▸ What this task involves: From the material below, set down exactly the lines that run from the one containing "In the upper" to the one containing "VLA 模型典型结构如下,围", minus the pictures.

▸ Records shown:
:::

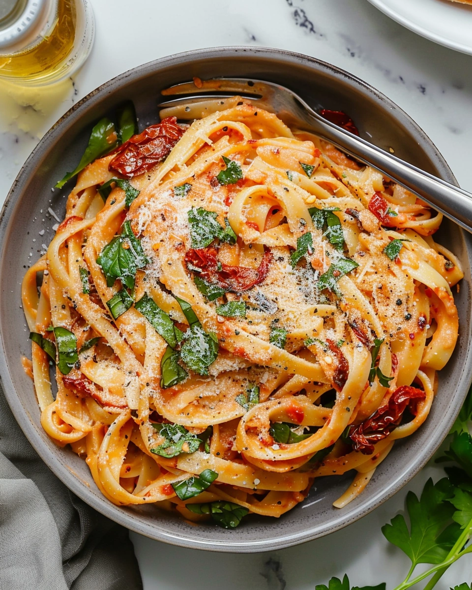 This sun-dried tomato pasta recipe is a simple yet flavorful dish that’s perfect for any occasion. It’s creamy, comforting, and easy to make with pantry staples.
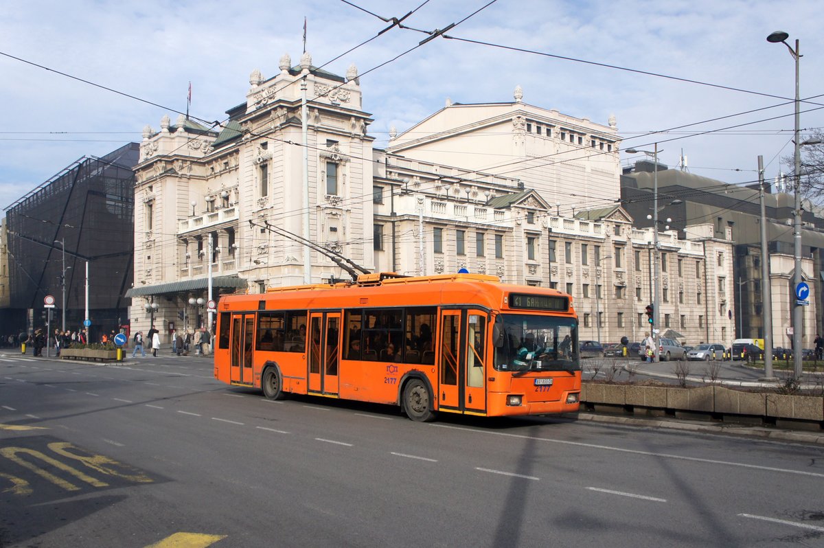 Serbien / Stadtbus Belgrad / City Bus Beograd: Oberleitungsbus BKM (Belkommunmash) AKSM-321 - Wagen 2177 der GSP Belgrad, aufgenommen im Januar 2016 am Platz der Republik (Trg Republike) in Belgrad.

:::

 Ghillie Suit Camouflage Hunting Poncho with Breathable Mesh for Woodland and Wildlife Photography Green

:::

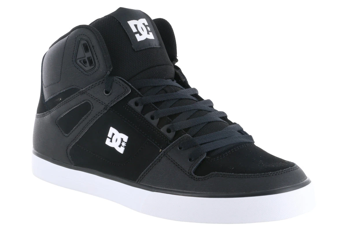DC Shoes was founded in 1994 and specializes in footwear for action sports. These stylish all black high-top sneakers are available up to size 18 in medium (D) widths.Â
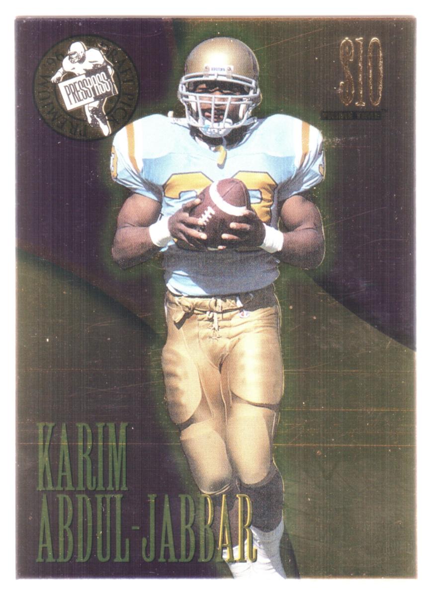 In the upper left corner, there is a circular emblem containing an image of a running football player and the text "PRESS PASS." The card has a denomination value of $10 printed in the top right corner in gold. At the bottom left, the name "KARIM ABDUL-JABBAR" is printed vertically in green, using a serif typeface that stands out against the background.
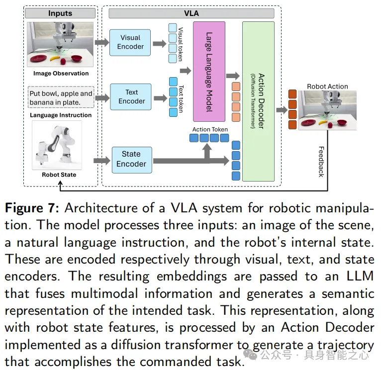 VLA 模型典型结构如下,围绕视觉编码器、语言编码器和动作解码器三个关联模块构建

:::

▸ Result below:
 In the upper left corner, there is a circular emblem containing an image of a running football player and the text "PRESS PASS." The card has a denomination value of $10 printed in the top right corner in gold. At the bottom left, the name "KARIM ABDUL-JABBAR" is printed vertically in green, using a serif typeface that stands out against the background.
 VLA 模型典型结构如下,围绕视觉编码器、语言编码器和动作解码器三个关联模块构建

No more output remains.